Het ponton deed ook dienst voor jachtjes die wachten op een schutting, Ik zag hoe een zeilbootje zonder mast naar het ponton toe gleed. De schipper was bejaard maar zeer ervaren, in no time haalde hij het meertouw door de onhandige ring en beveiligde zijn scheepje. Mijn hulp aanbieden zou belachelijk zijn. Aan zijn hele manier van doen zag je dat hij losjes en onbekommerd bezig was: hij wist alles van schepen. Aan zijn hele gedrag viel te merken dat hij het niet moeilijk had in het leven, ook al was het een hete dag in deze verzengende coronazomer. Hij hield zich rustig bezig: koffie drinken, een klein klusje doen, in zijn gereedschap rommelen…

Ja, hij was van plan hier te overnachten. Dat was het antwoord van de oud-zeiler op de vraag van de Nederlander die behoorlijk goed Frans sprak.

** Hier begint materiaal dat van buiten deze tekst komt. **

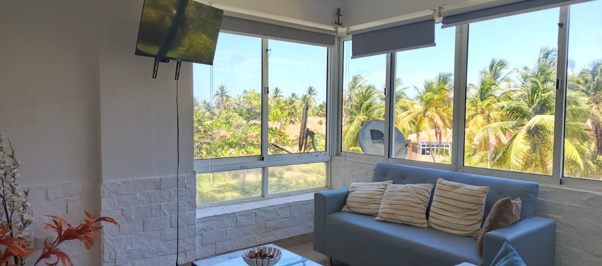 No Airbnb Fees: What You See Is What You Pay! 🌊 Relax with ocean views! Enjoy 2 bedrooms: one with a king-size bed and other with a bunk bed and a pullout single bed. The space features 2 bathrooms with hot water, an equipped kitchen, Wi-Fi, TV, and 3 air conditioners. The gated community includes a swimming pool, BBQ areas, direct beach access, and private parking. Safe and secure, with a power generator available on weekends and holidays. 📅 Book now and enjoy an unforgettable getaway! 💙
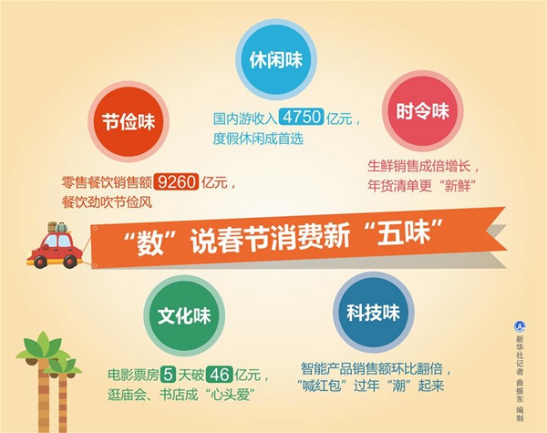 圖表:“數(shù)”說春節(jié)消費新“五味” 新華社記者 曲振東 編制
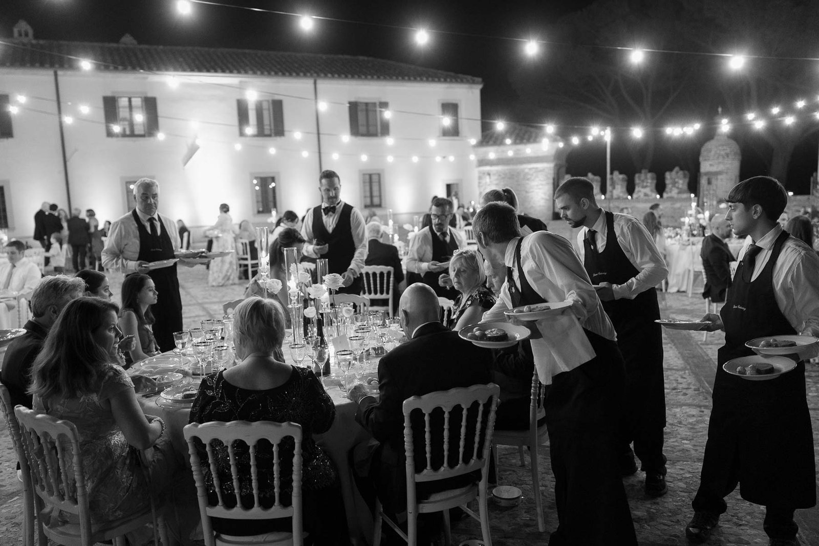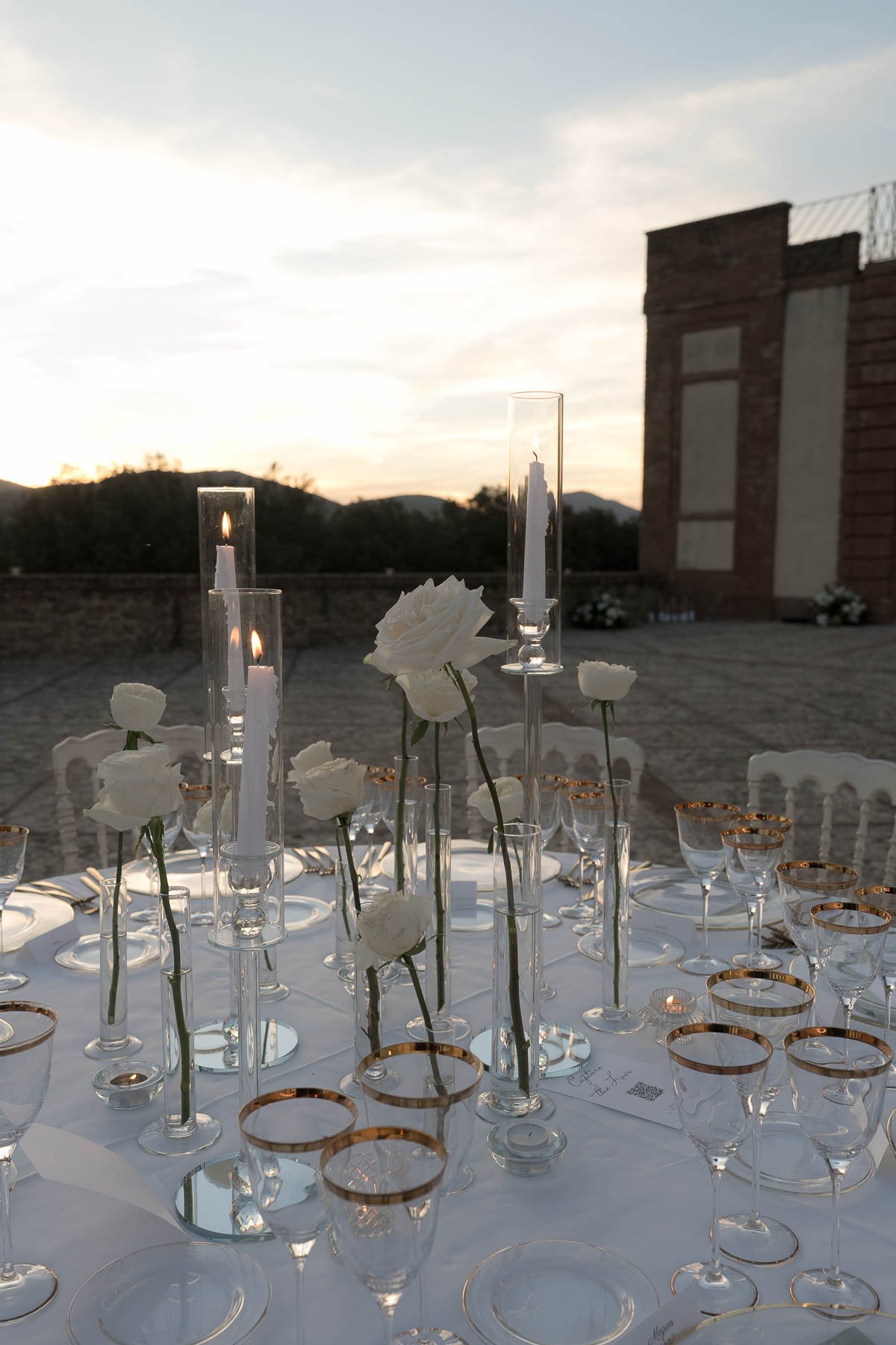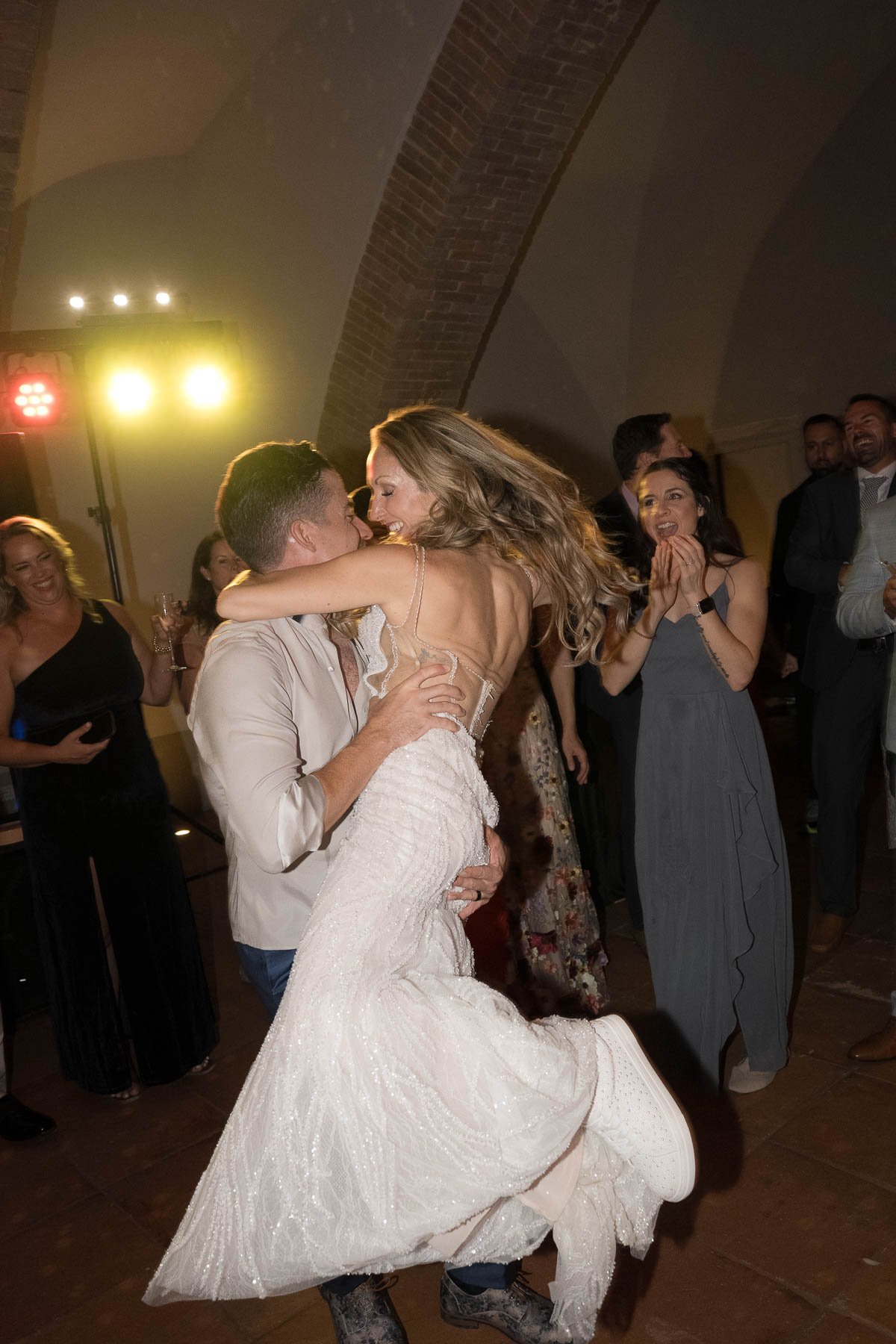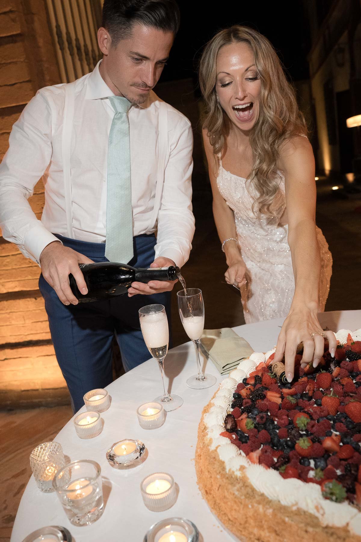 As the ceremony transitioned into aperitivo, the energy of the day expanded rather than dispersed. Guests gathered easily, conversations flowed, and laughter echoed through the open spaces of the castello. No one felt pulled away or rushed. Ali and Adam moved through the celebration together, present with their guests, fully immersed.

Het gesprek vlotte niet. De Nederlander leek op een acteur uit een publi film over het leven van sportieve vijftigers aan boord van een jacht. Het zou beter zijn, legde de Nederlander uit, ‘de bouger un peu’. De zeiler tuurde een poos over het kanaal. Hij zou opschuiven van zodra een andere boot aanstalten maakte om aan te leggen. Op verdere vragen gaf hij geen antwoord.   

Ik zat dit allemaal gade te slaan van op ons achterdek. Opmerkelijk dat de zeiler frequent werd gebeld op een witte smartphone met een hippe ringtone, het ding zag er uit als een afdankertje van zijn kleindochter. Waren mensen bezorgd om hem? Wie belde? Zijn vrouw? Een goede vriend? Waarom belden ze zo vaak? Ik schatte zijn leeftijd op 78.

 Wat zoekt een niet meer zo jonge man alleen op zijn bootje op canal du Nord? Solo varen is altijd een mentale uitdaging. Het toont een manier van leven en denken. Het toont het zoeken naar een grote mate van vrijheid, naar ruimte om je ding te doen, en dat lukt prima op een boot. In coronatijden iets hoopvols.